Records from a collection
•••••
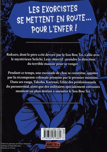 "Les exorcistes se mettent en route... pour l'enfer ! " Rokuro, dont le père à été dévoré par le Sou Bou Tei, s'allie avec le mystérieux Seiichi. Leur objectif : prendre la direction du terrible manoir pour se venger. Pendant ce temps, une escouade de choc se constitue, appâtée par la récompense colossale promise par le premier ministre. Dans ses rangs, Takoha, Kurenai, l'élite des professionnels du paranormal, ainsi que des militaires spécialement entraînés montent un plan destiné à anéantir le Sou Bou Tei. Une histoire d'horreur moderne à vous glacer le sang, signé Kazuhiro Fujita.
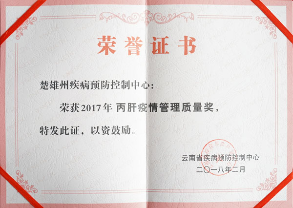 2018年2月云南省疾控中心授予丙肝疫情管理质量奖
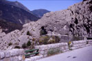 Ploetzlich veraendert sich die Strasse. Rechts geht es auf einmal steil hinunter und vor uns tauchen Felsen auf. Hier ist wieder alpines Gelaende. |
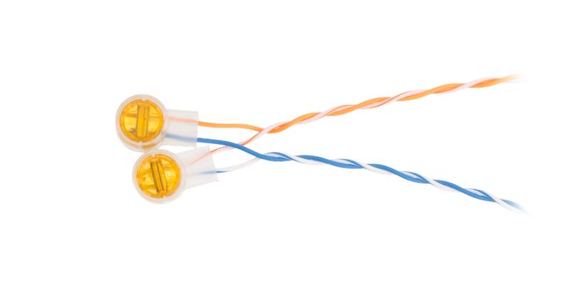 Соединители проводов типа «скотчлок» предназначены для быстрого сращивания и разветвления жил кабеля и широко используются при построении телефонии, где требуется соединить от 2 до 3 жил с одинаковым или разным диаметром. Соединители EC-SL-UY2-YL-100 предназначены для соединения двух жил. Соединители типа «скотчлок» не требуют снятия изоляции с проводов и заполнены гидрофобным гелем, препятствующим проникновению влаги и окислению контактов. Двойной врезной элемент обеспечивает надежный контакт и хорошие передаточные характеристики.
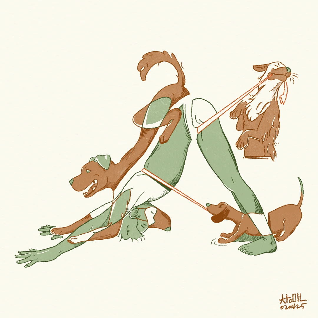 아이들이 걸을 때 힘차게 뻗어내는 다리 근육과 발바닥 젤리(육구)를 보고 있으면 땅을 밀어내는 힘찬 저항력이 내 손바닥 위에서도 거칠게 느껴진다. 그 힘으로 걸을 때 생겨나는 작은 흙먼지와 발톱으로 땅을 긁으며 내는 소리도 듣는다. 착- 착-. 그러면 나는 이 아이들의 생명력과 여전히 남아있는 야생성에 감탄한다.
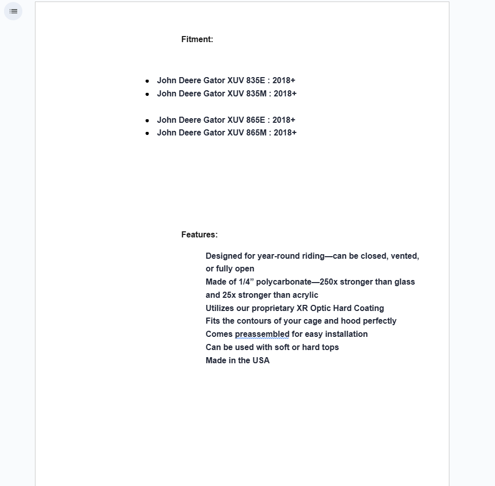 Poly is tough enough on its own, but we wanted to make this the best damn John Deere Gator Windshield on the market. That’s why we finish it with our proprietary XR Optic Hard Coating. This invisible coating provides high levels of scratch resistance on both sides of the windshield. It’s also UV resistant so you get great clarity after years of abuse.
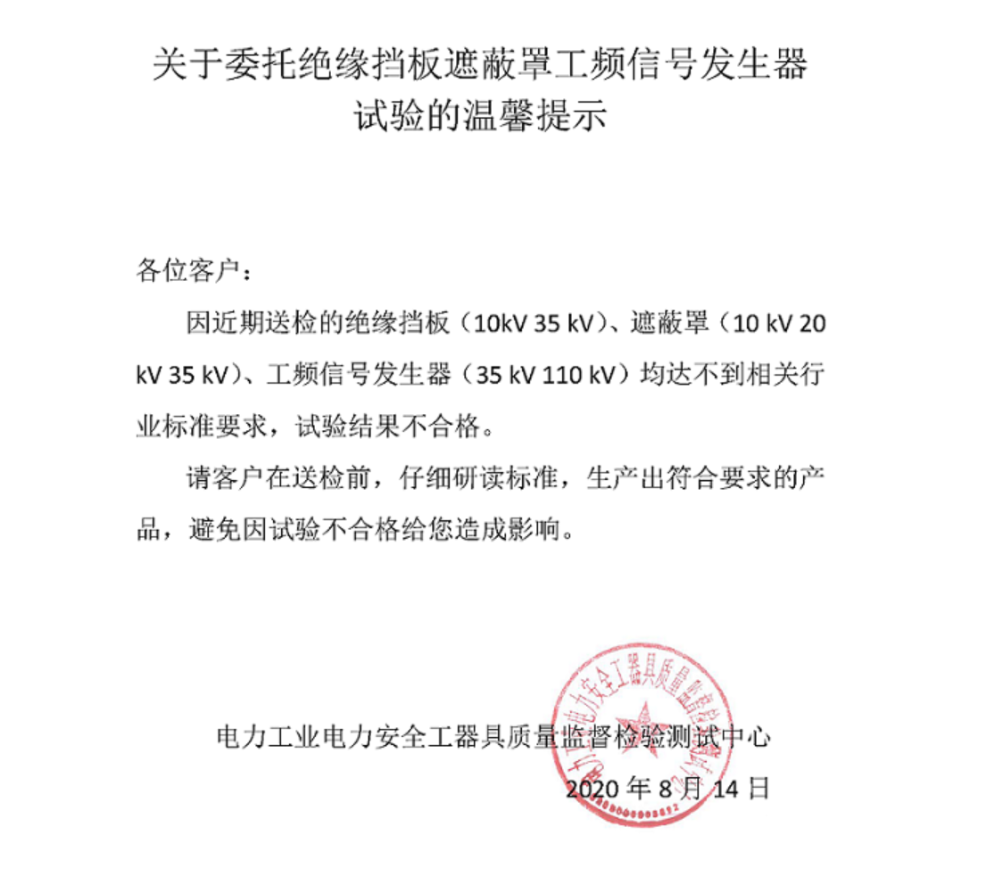 國家檢測中心是代表電力行業(yè)的權(quán)威質(zhì)量監(jiān)督檢驗測試機構(gòu),具有社會第三方的公正地位。需要獲得國家技術(shù)監(jiān)督局頒發(fā)的《計量認證合格證書》,才能認定檢測產(chǎn)品包括:攜帶型短路接地線、電容型驗電器、安全帶、安全帽、遮蔽罩、絕緣隔板、登桿腳扣、絕緣硬梯、電絕緣橡膠板、絕緣墊、絕緣手套、絕緣鞋(靴)、高壓帶電顯示裝置、防墜落裝置、緩沖器、鋼絲繩吊索、纖維繩吊索、吊裝帶、手拉葫蘆等共計59大類260個檢測項目/參數(shù),此外還承接近電報警器、帶電指示器、驗電器信號發(fā)生器、高壓拉閘桿、登高板、絕緣繩等產(chǎn)品的檢測。
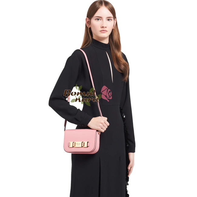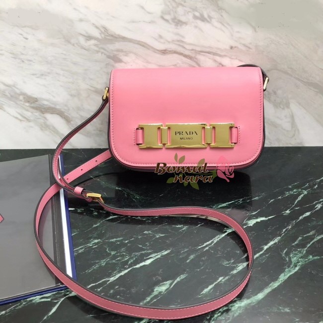 [스페셜오더]PRADA-1BD244 프라다 페탈 핑크 로고 메탈 버클 플랩백
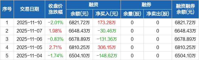 屹通新材:融资净买入173.28万元,融资余额6821.72万元(11-10)
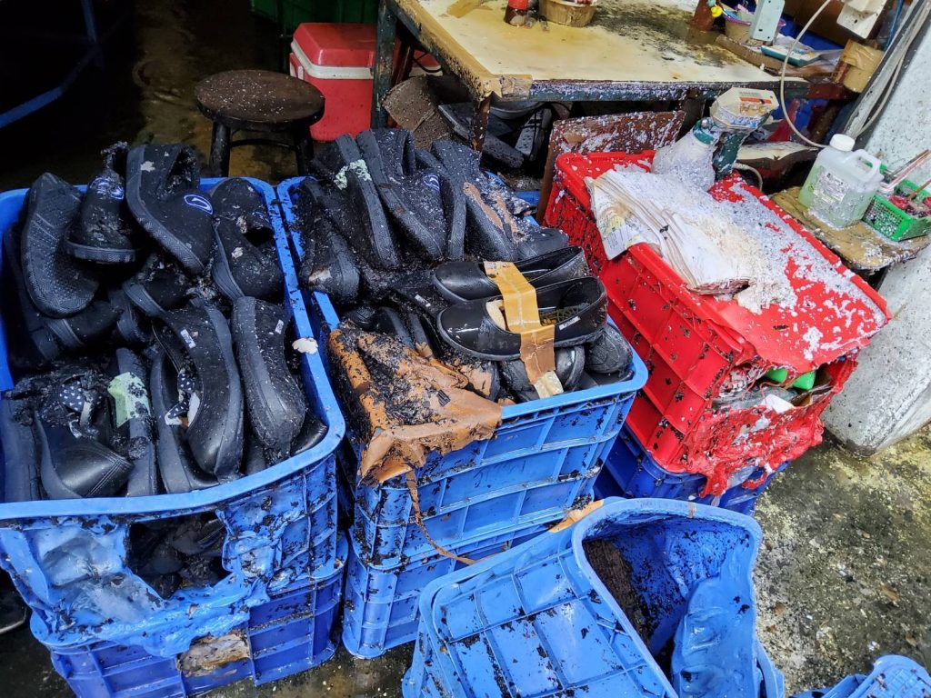 ทั้งนี้ การตรวจสอบสารเคมีตกค้าง คพ.ดำเนินการร่วมกับกรมสวัสดิการคุ้มครองแรงงาน โดยมีนายโกศล ชูแก้ว ผู้จัดการโรงงานดังกล่าว นำตรวจสอบและให้ข้อมูลว่า เป็นโรงงานผลิตรองเท้าหนังและผ้าใบ กำลังการผลิต 3,000-5,000 คู่/วัน พนักงาน 120 คน วัตถุดิบที่ใช้ในกระบวนการผลิตต่อเดือน ประกอบด้วย หนังแท้ 1-2 ตัน เรซินประมาณ 500 กิโลกรัม กาวลาเท็กซ์ 60-100 ลิตร ทินเนอร์ ปริมาณ 20 ลิตร เม็ดพลาสติกพีวีซี 1 ตัน ทั้งนี้ โรงงานมีไลน์เครื่องฉีดเครื่องอัดทำรองเท้าได้รับความเสียหายจากเพลิงไหม้ทั้งหมด โดยในขณะตรวจสอบเพลิงดับสนิทลงแล้ว
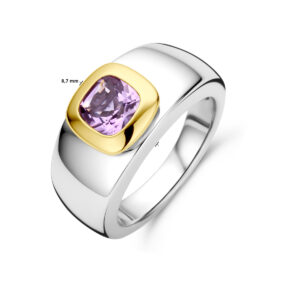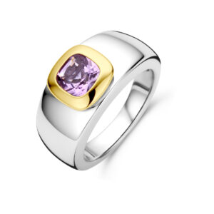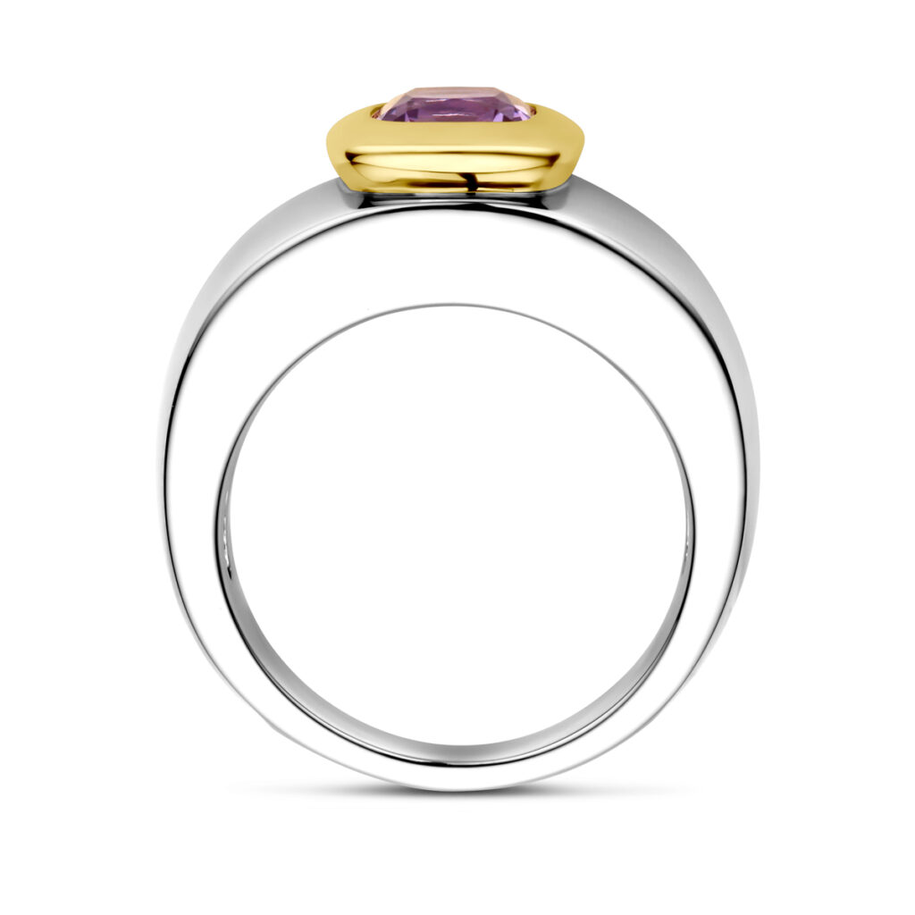 14k Geelgoud met gerhodineerd 925 zilveren ring uitgevoerd met amethist. De breedte is 8.7mm.
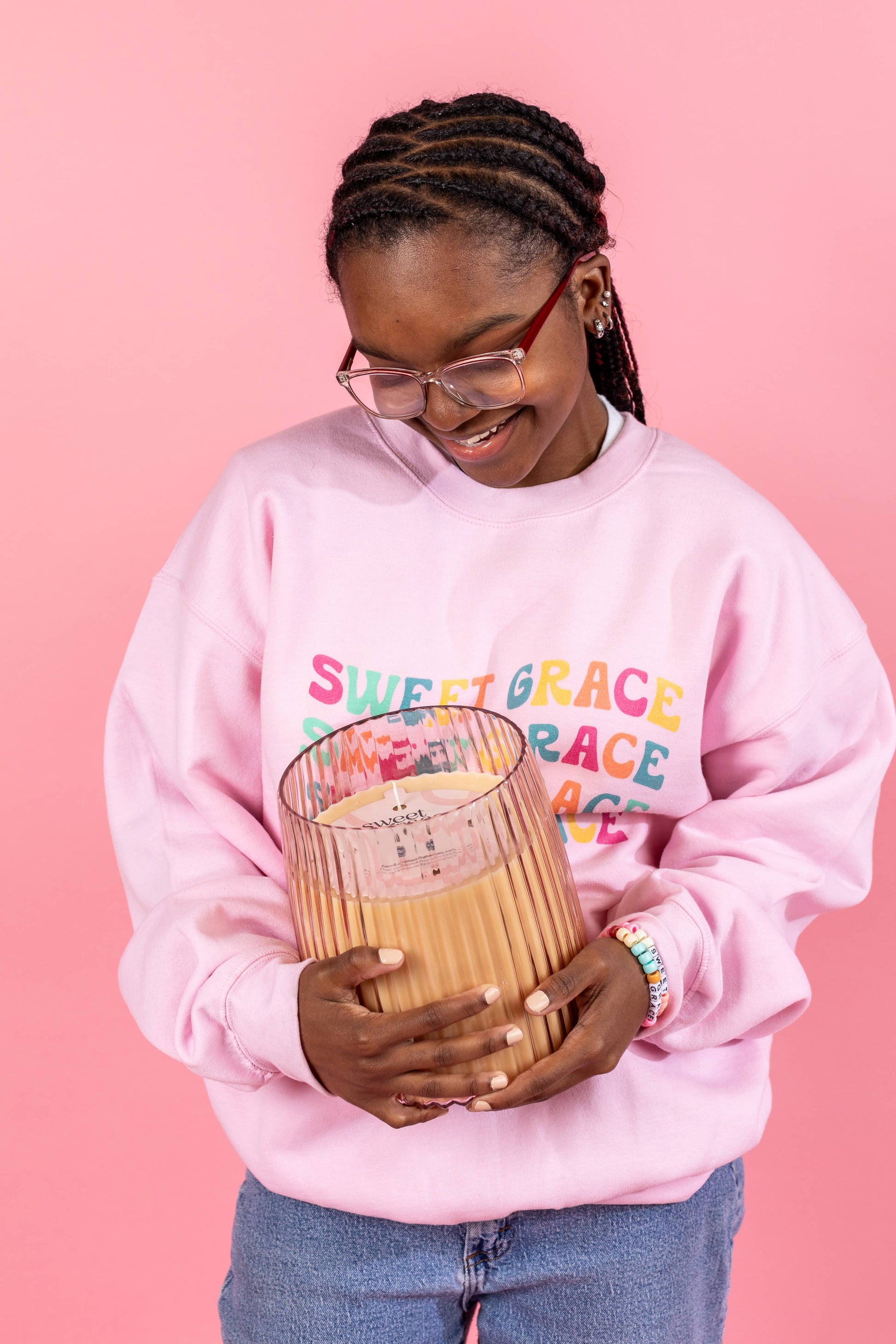 Our biggest Sweet Grace candle yet! This bold, beautiful vessel is quite the statement piece with its rosy hue, rippled texture, 108.7 oz of soy-blend wax, and FIVE lead-free cotton wicks. Sweet Grace is beloved for its blend of bright, fruity top notes, sparkling tea middle notes, and classic patchouli base. Light this candle to enjoy up to 275 hours of our #1 fragrance while also providing three healthy meals to a child in need.
•••••
» **Task details**: Apart from the pictures, every line above must be printed exactly.

» **Output for this task**:
 "Les exorcistes se mettent en route... pour l'enfer ! " Rokuro, dont le père à été dévoré par le Sou Bou Tei, s'allie avec le mystérieux Seiichi. Leur objectif : prendre la direction du terrible manoir pour se venger. Pendant ce temps, une escouade de choc se constitue, appâtée par la récompense colossale promise par le premier ministre. Dans ses rangs, Takoha, Kurenai, l'élite des professionnels du paranormal, ainsi que des militaires spécialement entraînés montent un plan destiné à anéantir le Sou Bou Tei. Une histoire d'horreur moderne à vous glacer le sang, signé Kazuhiro Fujita.
 2018年2月云南省疾控中心授予丙肝疫情管理质量奖
 Ploetzlich veraendert sich die Strasse. Rechts geht es auf einmal steil hinunter und vor uns tauchen Felsen auf. Hier ist wieder alpines Gelaende. |
 Соединители проводов типа «скотчлок» предназначены для быстрого сращивания и разветвления жил кабеля и широко используются при построении телефонии, где требуется соединить от 2 до 3 жил с одинаковым или разным диаметром. Соединители EC-SL-UY2-YL-100 предназначены для соединения двух жил. Соединители типа «скотчлок» не требуют снятия изоляции с проводов и заполнены гидрофобным гелем, препятствующим проникновению влаги и окислению контактов. Двойной врезной элемент обеспечивает надежный контакт и хорошие передаточные характеристики.
 아이들이 걸을 때 힘차게 뻗어내는 다리 근육과 발바닥 젤리(육구)를 보고 있으면 땅을 밀어내는 힘찬 저항력이 내 손바닥 위에서도 거칠게 느껴진다. 그 힘으로 걸을 때 생겨나는 작은 흙먼지와 발톱으로 땅을 긁으며 내는 소리도 듣는다. 착- 착-. 그러면 나는 이 아이들의 생명력과 여전히 남아있는 야생성에 감탄한다.
 Poly is tough enough on its own, but we wanted to make this the best damn John Deere Gator Windshield on the market. That’s why we finish it with our proprietary XR Optic Hard Coating. This invisible coating provides high levels of scratch resistance on both sides of the windshield. It’s also UV resistant so you get great clarity after years of abuse.
 國家檢測中心是代表電力行業(yè)的權(quán)威質(zhì)量監(jiān)督檢驗測試機構(gòu),具有社會第三方的公正地位。需要獲得國家技術(shù)監(jiān)督局頒發(fā)的《計量認證合格證書》,才能認定檢測產(chǎn)品包括:攜帶型短路接地線、電容型驗電器、安全帶、安全帽、遮蔽罩、絕緣隔板、登桿腳扣、絕緣硬梯、電絕緣橡膠板、絕緣墊、絕緣手套、絕緣鞋(靴)、高壓帶電顯示裝置、防墜落裝置、緩沖器、鋼絲繩吊索、纖維繩吊索、吊裝帶、手拉葫蘆等共計59大類260個檢測項目/參數(shù),此外還承接近電報警器、帶電指示器、驗電器信號發(fā)生器、高壓拉閘桿、登高板、絕緣繩等產(chǎn)品的檢測。
 [스페셜오더]PRADA-1BD244 프라다 페탈 핑크 로고 메탈 버클 플랩백
 屹通新材:融资净买入173.28万元,融资余额6821.72万元(11-10)
 ทั้งนี้ การตรวจสอบสารเคมีตกค้าง คพ.ดำเนินการร่วมกับกรมสวัสดิการคุ้มครองแรงงาน โดยมีนายโกศล ชูแก้ว ผู้จัดการโรงงานดังกล่าว นำตรวจสอบและให้ข้อมูลว่า เป็นโรงงานผลิตรองเท้าหนังและผ้าใบ กำลังการผลิต 3,000-5,000 คู่/วัน พนักงาน 120 คน วัตถุดิบที่ใช้ในกระบวนการผลิตต่อเดือน ประกอบด้วย หนังแท้ 1-2 ตัน เรซินประมาณ 500 กิโลกรัม กาวลาเท็กซ์ 60-100 ลิตร ทินเนอร์ ปริมาณ 20 ลิตร เม็ดพลาสติกพีวีซี 1 ตัน ทั้งนี้ โรงงานมีไลน์เครื่องฉีดเครื่องอัดทำรองเท้าได้รับความเสียหายจากเพลิงไหม้ทั้งหมด โดยในขณะตรวจสอบเพลิงดับสนิทลงแล้ว
 14k Geelgoud met gerhodineerd 925 zilveren ring uitgevoerd met amethist. De breedte is 8.7mm.
 Our biggest Sweet Grace candle yet! This bold, beautiful vessel is quite the statement piece with its rosy hue, rippled texture, 108.7 oz of soy-blend wax, and FIVE lead-free cotton wicks. Sweet Grace is beloved for its blend of bright, fruity top notes, sparkling tea middle notes, and classic patchouli base. Light this candle to enjoy up to 275 hours of our #1 fragrance while also providing three healthy meals to a child in need.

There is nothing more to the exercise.